“But it wasn’t,” said the other. “We took a lot of trouble to make our regalia out of camouflage-stuff that we’d pinched, and we manufactured our jewels from old metal. I’ve got the set now. It kept us happy for weeks.”

“Ye were absolutely irregular an’ unauthorised. Whaur was your Warrant?” said the Brother from the Military Lodge. “Grand Lodge ought to take steps against——”

“If Grand Lodge had any sense,” a private three places up our table broke in, “it ’ud warrant travelling Lodges at the front and attach first-class lecturers to ’em.”

“Wad ye confer degrees promiscuously?” said the scandalised Scot.

“Every time a man asked, of course. You’d have half the Army in.”

The speaker played with the idea for a little while, and proved that, on the lowest scale of fees, Grand Lodge would get huge revenues.

“I believe,” said the Engineer Officer thoughtfully, “I could design a complete travelling Lodge outfit under forty pounds weight.”

“Ye’re wrong.

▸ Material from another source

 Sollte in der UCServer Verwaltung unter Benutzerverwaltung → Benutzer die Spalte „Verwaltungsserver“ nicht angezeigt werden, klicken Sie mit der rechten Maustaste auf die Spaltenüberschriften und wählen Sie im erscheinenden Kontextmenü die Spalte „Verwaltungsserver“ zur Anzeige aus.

I’ll prove it. We’ve tried ourselves,” said the Military Lodge man; and they went at it together across the table, each with his own note-book.

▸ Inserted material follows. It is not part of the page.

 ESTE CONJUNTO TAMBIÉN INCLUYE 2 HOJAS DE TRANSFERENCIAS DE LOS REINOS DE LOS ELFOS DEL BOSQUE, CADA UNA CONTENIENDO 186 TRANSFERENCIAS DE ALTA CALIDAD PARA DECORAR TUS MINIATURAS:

The “Banquet” was simplicity itself. Many of us ate in haste so as to get back to barracks or hospitals, but now and again a Brother came in from the outer darkness to fill a chair and empty a plate. These were Brethren who had been there before and needed no examination.

One man lurched in—helmet, Flanders mud, accoutrements and all—fresh from the leave-train.